This page describes our approach for applying minimax on modelchecking of distributed systems.

Assign Probability to Events

We have 3 different type of events:

(COM) Communication Errors: drop pkt, TCP rst, node reset.
(USR) User Triggers: Application events like join overlay
(PRTCL) Protocol designed events: like receiving a sent message to us, running an expired scheduler, …

This is how we define the probabilities for this events

For COM events, we assign probabilities according to communication system statistics, like drop rate and so on.
For USR events, we assign probabilities according to application statistics.
For PRTCL events, we need to take the real time into consideration; For each event, we consider the time that it take for the event to occur and then we make the global time to go forward by that amount of time.
- Messages: the times equals to average delay
- Timers: It is almost zero, but we can consider the negligible handler running time here.

Now that we have global time, we can define the probability of en event by this:
- Probability(MSG) = exp(CURRENT TIME - MSG RECV TIME); for: MSG RECV TIME > CURRENT TIME
- Probability(TIMER) = exp(CURRENT TIME - EXPIRATION TIME); for: EXPIRATION TIME > CURRENT TIME

The whole idea is depicted in this picture:

Note: We can extend this scheme by assigning min and max instead of absolute values for delays. One step further, we can define a general function for delays.

Cost Function

Cost function for each state can be something like this: $p . \sum{w_i . f_i}$ where

$f_i$ is the facet number i
1. !safe → $\infty$
2. !live → transient time = time since state is not alive
3. performance → e.g. tree balance
$w_i$ is the weight of facet
$p$ is the probability of entering to that state from current state.

Game: Me vs. Environment

We can look at the execution steering process as a two-player game: A node which is running the modelchecker and the whole environment which includes: other nodes events and communication events. As described in the picture below, it is not clear that how many steps environments plays.

Minimax

We can look it as a Minimax game where I can not see the moves of my rival, i.e. I can not see what environment plays but I can see what I am playing.

Winner path: The path which its values is selected as the finalist of minimax game.

Note: In our application one winner path is not enough. Because the absolute winner path may never happen in practice. Therefore, we should be ready for all possible plays of the environment.

The figure below describes it in more detail. Here, we have two different non-determinism point in our protocol {e1,e2} and {e3,e4}. Assume that the absolute winner path covers only {e1,e2}. Now, if in practice if the environment plays in a way that leads to {e3,e4}, then we do not know how to play because we do not know what path is the winner among the ones which covers {e3,e4} non-determinism.

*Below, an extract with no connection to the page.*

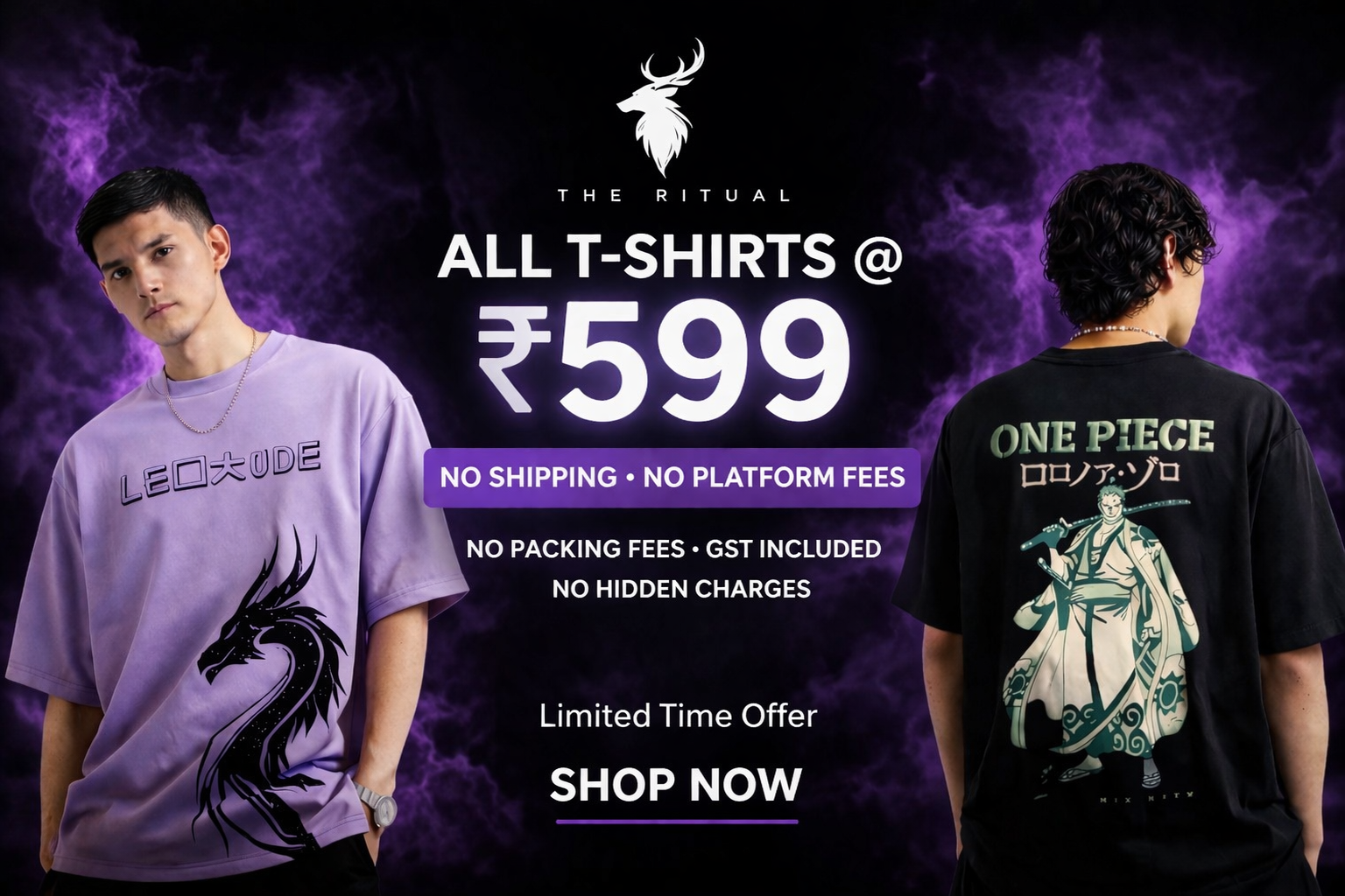 "Welcome to THE RITUAL – a modern streetwear brand that redefines casual fashion. Our collection features oversized printed T-shirts and hoodies designed for comfort and style. This banner captures our edgy yet minimalistic aesthetic with stylish models in urban settings, highlighting the intricate details of our clothing and our iconic brand logo. Perfect for trendsetters who love fashion with attitude."

Furthermore, after our first play, we do not know what would be the reaction of the environment. In other words, I need to be prepared for all the possible non-determinism points for the next move as well. For example, In the above example assume that after non-determinism point {e1,e2} I might face {e5,e6} OR {e7,e8}. So, I need to memorize each of them as winner path as well. This is depicted in picture below.

Note: generally after my first move I can start the search again and we do not need to memorize a separate winner path for each of my next moves, but for the sake of efficiency, because I do not how much time I have to play my next move, it is better to take the next moves into consideration as well. It might also has a drawback of making alpha-beta pruning inefficient

alpha-beta pruning (original)

The algorithm maintains two values, alpha and beta, which represent the minimum score that the maximizing player is assured of and the maximum score that the minimizing player is assured of respectively. Initially alpha is negative infinity and beta is positive infinity. As the recursion progresses the “window” becomes smaller. When beta becomes less than alpha, it means that the current position cannot be the result of best play by both players and hence need not be explored further.

My pseudo code is easier to understand
In each step we take into consideration only β
In each step we update the α because it is β for the next step
If β≤α we loose anyway, the return value is not important then.
In β≤α, the initial α sent from top-level is not important, we keep the same variable for simplicity

function alphabeta(node, depth, α, β)         
    (* β represents previous player best choice - doesn't want it if α would worsen it *)
    if node is a terminal node or depth = 0
        return the heuristic value of node
    foreach child of node
        α := max(α, -alphabeta(child, depth-1, -β, -α))     
        (* use symmetry, -β becomes subsequently pruned α *)
        if β≤α
            return +inf  (*I loose to β anyway*)           (* Beta cut-off *)
    return α

(* Initial call *)
alphabeta(origin, depth, -inf, +inf)

The code below does exactly the same thing but it is easier to understand, for our purpose I will adapt this code.

(* the minimax value of n, searched to depth d.
 * If the value is less than min, returns min.
 * If greater than max, returns max. *)
 fun minimax(n: node, d: int, min: int, max: int): int =
   if leaf(n) or depth=0 return evaluate(n)
   if n is a max node
      v := min
      for each child of n
         v' := minimax (child,d-1,v,max)
         if v' > v, v:= v'
         if v > max return max
      return v
   if n is a min node
      v := max
      for each child of n
         v' := minimax (child,d-1,min,v)
         if v' < v, v:= v'
         if v < min return min
      return v

The figure below, describes the operation of alpha-beta pruning on a search tree.

alpha-beta pruning

Do not prune along the path that I have not played at least once. This is to make sure that I am prepared to face all non-determinism points.
Min and Max players do not necessarily switch their turn each time. In other words, Environment can play several moves at its turn.
Moreover, at each step we may have possibility for both our moves and environment moves. Then
1. We play min, like all the moves are for environment
2. But, we keep track of my moves to be prepared in case
We need to keep track of all winner paths, one for each of my non-determinism point.

(* the minimax value of n, searched to depth d.
 * If the value is less than min, returns min.
 * If greater than max, returns max. *)
 fun minimax(n: node, d: int, min: int, max: int): int =
   if leaf(n) or depth=0 return evaluate(n)
   if n is a max node
      v := min
      for each child of n
         v' := minimax (child,d-1,v,max)
         if v' > v, v:= v'
         if v > max return max
      return v
   if n is a min node
      v := max
      for each child of n
         v' := minimax (child,d-1,min,v)
         if v' < v, v:= v'
         if v < min return min
      return v